La urgencia del contramaestre acentuaba la preocupación que todos sentían ante la situación que se presentaba. Sin velas en popa, la embarcación cayó rápidamente a sotavento. No obstante, había que contener la maniobra para evitar orzar en exceso, lo que podría llevarlos a virar en redondo. Una vez situados con el viento por la aleta de estribor para aprovechar mejor el velamen del barco, se oyó la voz contundente del contramaestre:
—¡A toda vela!
Al poco de aquella orden, comenzaron a ganar velocidad. Era un auténtico espectáculo ver la proa de aquel navío rasgando las aguas que salpicaban por encima de la regala de las amuras, mostrando así todo su poderío. Las jarcias se tensaban al tiempo que la arboladura comenzaba a crujir, como si el propio barco resoplara por el esfuerzo que estaba realizando. Sin embargo, se trataba de una embarcación demasiado grande y cargada como para poder escapar de los ágiles dromones turcos, especialmente teniendo en cuenta la distancia a la que aún se hallaban de la costa valenciana.
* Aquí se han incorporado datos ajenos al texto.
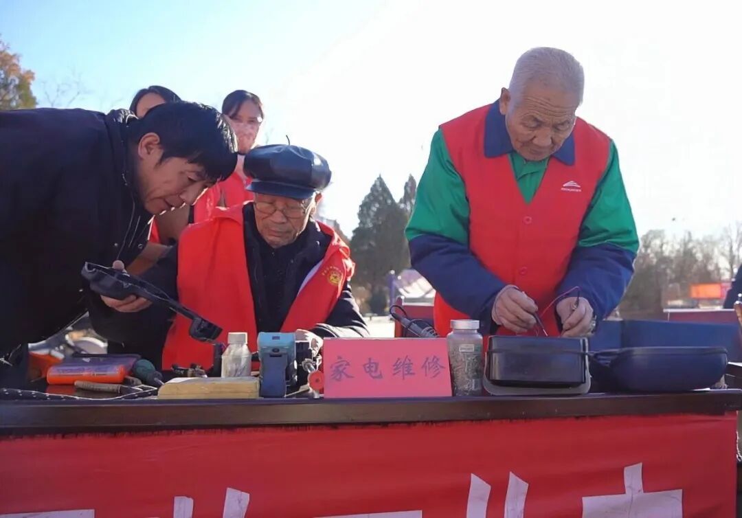 在家电维修展位旁,83岁的义务维修志愿者李世俊正专注地拆卸着烧水壶,他头发花白却精神矍铄,万用表、螺丝刀等工具在他的手中娴熟地切换,不多时便找到了故障。

En apenas media hora, ya resultaba fácil distinguir las velas latinas de la flota otomana que se les venía encima de un modo inexorable, empujada, no solo por la fuerza del viento, sino también por la de sus innumerables remeros. Y un solo barco nada podía hacer frente a aquel contingente sino rendirse.
Cuando ya era evidente el hecho de que iban a ser prisioneros de Kemal Reis, pues presentar batalla sería un suicidio, el capitán mandó inutilizar los cañones y tirar por la borda algunas de las más codiciadas posesiones que transportaban. Con ello pretendía que aquella captura le resultara lo menos beneficiosa posible al almirante turco.
En medio de la confusión, Rodrigo bajó sigilosamente a los compartimentos bajo cubierta, y se puso a hurgar nervioso entre unos viejos pergaminos que mantenía allí escondidos. Cuando por fin encontró los que buscaba, hizo un pequeño rollo con ellos y se los escondió bajo sus ropas. Se disponía a subir de nuevo a la cubierta cuando, unos golpes secos sobre el costado de babor, terminaron de confirmar lo inevitable. Al salir de nuevo, vio cómo innumerables garfios enclavados sobre la borda del barco servían ahora de ayuda a los otomanos para abarloar el buque, preparando así el abordaje. En cuestión de segundos, la cubierta se infestó de piratas turcos blandiendo sus yataganes de un modo casi aterrador. El capitán rindió el barco sin presentar batalla para evitar muertes innecesarias. Los otomanos arriaron velas y cambiaron el pabellón.
Ahora eran prisioneros de Kemal Reis.